- Record extracts:
+ + +
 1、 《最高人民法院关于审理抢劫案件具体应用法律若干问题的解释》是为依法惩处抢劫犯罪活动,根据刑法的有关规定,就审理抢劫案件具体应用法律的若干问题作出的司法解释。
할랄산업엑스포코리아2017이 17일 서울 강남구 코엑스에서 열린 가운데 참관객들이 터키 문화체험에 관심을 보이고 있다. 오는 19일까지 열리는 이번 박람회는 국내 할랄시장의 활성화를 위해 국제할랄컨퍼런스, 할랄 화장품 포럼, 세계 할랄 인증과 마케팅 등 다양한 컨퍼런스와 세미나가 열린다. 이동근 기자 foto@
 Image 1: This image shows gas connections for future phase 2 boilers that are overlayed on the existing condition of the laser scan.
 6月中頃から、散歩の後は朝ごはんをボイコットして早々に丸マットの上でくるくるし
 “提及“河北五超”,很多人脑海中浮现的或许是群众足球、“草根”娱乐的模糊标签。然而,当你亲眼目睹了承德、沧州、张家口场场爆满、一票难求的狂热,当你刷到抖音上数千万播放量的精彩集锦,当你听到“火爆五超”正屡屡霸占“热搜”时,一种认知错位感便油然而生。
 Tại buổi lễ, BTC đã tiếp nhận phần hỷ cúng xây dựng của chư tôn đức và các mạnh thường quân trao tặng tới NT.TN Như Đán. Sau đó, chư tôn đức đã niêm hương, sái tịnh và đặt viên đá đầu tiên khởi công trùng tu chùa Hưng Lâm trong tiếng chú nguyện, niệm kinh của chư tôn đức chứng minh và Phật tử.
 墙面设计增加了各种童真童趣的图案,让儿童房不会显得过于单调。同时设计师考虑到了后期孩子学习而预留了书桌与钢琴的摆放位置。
+ + +
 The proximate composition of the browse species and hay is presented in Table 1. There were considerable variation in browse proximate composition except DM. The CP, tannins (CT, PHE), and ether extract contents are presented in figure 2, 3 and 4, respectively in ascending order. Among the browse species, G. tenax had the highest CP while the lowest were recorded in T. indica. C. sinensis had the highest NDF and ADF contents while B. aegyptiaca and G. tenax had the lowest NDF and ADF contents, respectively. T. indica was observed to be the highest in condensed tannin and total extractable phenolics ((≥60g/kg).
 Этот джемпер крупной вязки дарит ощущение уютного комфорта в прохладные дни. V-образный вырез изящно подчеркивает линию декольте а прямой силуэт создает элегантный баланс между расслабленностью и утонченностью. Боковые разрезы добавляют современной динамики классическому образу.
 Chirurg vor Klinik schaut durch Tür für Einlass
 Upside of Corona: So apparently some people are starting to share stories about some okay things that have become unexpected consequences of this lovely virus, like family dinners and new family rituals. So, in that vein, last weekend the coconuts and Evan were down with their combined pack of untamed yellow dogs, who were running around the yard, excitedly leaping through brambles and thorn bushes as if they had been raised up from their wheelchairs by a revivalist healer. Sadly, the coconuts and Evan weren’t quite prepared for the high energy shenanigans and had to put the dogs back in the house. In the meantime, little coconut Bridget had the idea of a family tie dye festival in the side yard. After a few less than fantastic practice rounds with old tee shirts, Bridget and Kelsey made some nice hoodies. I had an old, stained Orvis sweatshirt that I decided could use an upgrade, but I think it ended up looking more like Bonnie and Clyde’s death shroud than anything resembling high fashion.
+ + +
- What you will do:
Once you have found every line above holding the word "that", copy those lines.

- Solution to the problem:
 Image 1: This image shows gas connections for future phase 2 boilers that are overlayed on the existing condition of the laser scan.
 Upside of Corona: So apparently some people are starting to share stories about some okay things that have become unexpected consequences of this lovely virus, like family dinners and new family rituals. So, in that vein, last weekend the coconuts and Evan were down with their combined pack of untamed yellow dogs, who were running around the yard, excitedly leaping through brambles and thorn bushes as if they had been raised up from their wheelchairs by a revivalist healer. Sadly, the coconuts and Evan weren’t quite prepared for the high energy shenanigans and had to put the dogs back in the house. In the meantime, little coconut Bridget had the idea of a family tie dye festival in the side yard. After a few less than fantastic practice rounds with old tee shirts, Bridget and Kelsey made some nice hoodies. I had an old, stained Orvis sweatshirt that I decided could use an upgrade, but I think it ended up looking more like Bonnie and Clyde’s death shroud than anything resembling high fashion.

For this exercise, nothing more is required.